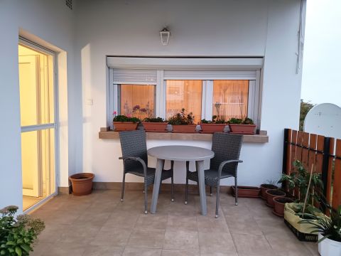 Az ingatlanhoz tartozik egy 12 m²-es, részben fedett terasz, amely kellemes helyszínt biztosít a pihenéshez vagy a reggeli kávé elfogyasztásához a zöld környezetben.
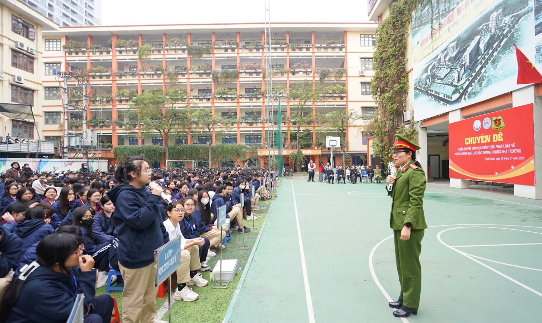 Buổi tuyên truyền diễn ra trong không khí sôi nổi với sự tham gia giao lưu, đặt câu hỏi và chia sẻ tình huống thực tế từ phía các em học sinh. Thông qua buổi tuyên truyền góp phần nâng cao nhận thức cho các em học sinh về tình trạng bạo lực học đường hiện nay, các hình thức bạo lực phổ biến và hậu quả để lại cho nạn nhân cũng như người vi phạm. Qua đó, giúp các em nhận thức rõ hơn về tầm quan trọng của việc xây dựng môi trường học đường an toàn, lành mạnh và thân thiện.
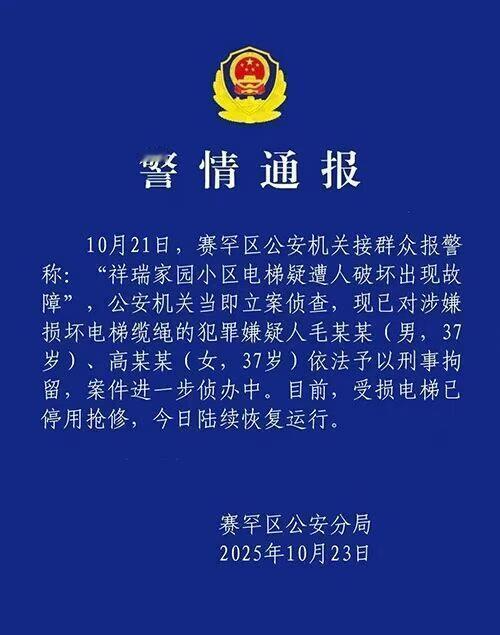 这事儿真是让人后怕——呼和浩特一个小区里,23部电梯的钢绳被人故意割了。要不是检修师傅及时发现,指不定要出多大乱子。 小区总共50部电梯,差不多一半都遭了黑手。检查的时候发现,关键部位的钢绳上全是人为切割的痕迹。这可不是闹着玩的,电梯真要运行起来,钢绳一断,轿厢直接坠落,后果想都不敢想。 好在检修人员够负责,巡查时发现了问题,马上把受损电梯全停了。现在警方已经抓了两个嫌疑人,一男一女,都是37岁,具体动机还在查。 你说这得是多大的仇?要对全小区的人下这种黑手。电梯是每天上下楼的必需品,老人孩子都得用,搞这种破坏简直是在拿人命开玩笑。 现在这些电梯正在抢修,今天开始会陆续恢复使用。但想想都膈应,以后坐电梯心里都得留个阴影。 这种恶意破坏公共安全的行为,必须严惩。警方以涉嫌刑事犯罪把他们拘留,一点不冤。希望法律能给个重判,也让那些想干坏事的人掂量掂量后果。 咱们平时在小区里发现电梯异常,也要多留个心眼。该报修报修,该报警报警,安全问题上可不能马虎。这次要不是检修师傅认真,真等出了事就晚了。
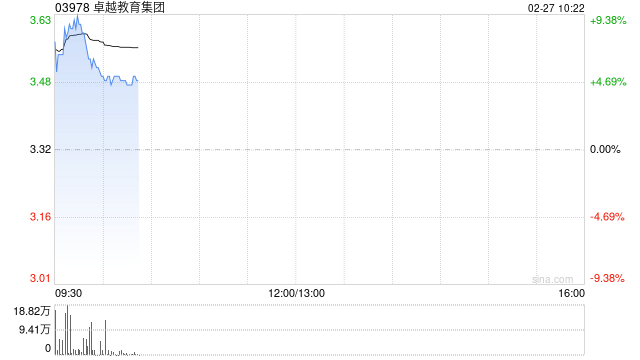 卓越教育集团(03978)盘中涨超9%,截至发稿,股价上涨4.52%,报3.47港元,成交额603.46万港元。
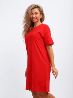 Туника-футболка прямого кроя хлопок красная

==================================================

• _TASK PROMPT_: The span to retype runs from the line containing "Buổi tuyên truyền diễn" through the last line of the listing above, both ends included; copy it exactly, without pictures.

• _RESPONSE TO THIS EXERCISE_:
 Buổi tuyên truyền diễn ra trong không khí sôi nổi với sự tham gia giao lưu, đặt câu hỏi và chia sẻ tình huống thực tế từ phía các em học sinh. Thông qua buổi tuyên truyền góp phần nâng cao nhận thức cho các em học sinh về tình trạng bạo lực học đường hiện nay, các hình thức bạo lực phổ biến và hậu quả để lại cho nạn nhân cũng như người vi phạm. Qua đó, giúp các em nhận thức rõ hơn về tầm quan trọng của việc xây dựng môi trường học đường an toàn, lành mạnh và thân thiện.
 这事儿真是让人后怕——呼和浩特一个小区里,23部电梯的钢绳被人故意割了。要不是检修师傅及时发现,指不定要出多大乱子。 小区总共50部电梯,差不多一半都遭了黑手。检查的时候发现,关键部位的钢绳上全是人为切割的痕迹。这可不是闹着玩的,电梯真要运行起来,钢绳一断,轿厢直接坠落,后果想都不敢想。 好在检修人员够负责,巡查时发现了问题,马上把受损电梯全停了。现在警方已经抓了两个嫌疑人,一男一女,都是37岁,具体动机还在查。 你说这得是多大的仇?要对全小区的人下这种黑手。电梯是每天上下楼的必需品,老人孩子都得用,搞这种破坏简直是在拿人命开玩笑。 现在这些电梯正在抢修,今天开始会陆续恢复使用。但想想都膈应,以后坐电梯心里都得留个阴影。 这种恶意破坏公共安全的行为,必须严惩。警方以涉嫌刑事犯罪把他们拘留,一点不冤。希望法律能给个重判,也让那些想干坏事的人掂量掂量后果。 咱们平时在小区里发现电梯异常,也要多留个心眼。该报修报修,该报警报警,安全问题上可不能马虎。这次要不是检修师傅认真,真等出了事就晚了。
 卓越教育集团(03978)盘中涨超9%,截至发稿,股价上涨4.52%,报3.47港元,成交额603.46万港元。
 Туника-футболка прямого кроя хлопок красная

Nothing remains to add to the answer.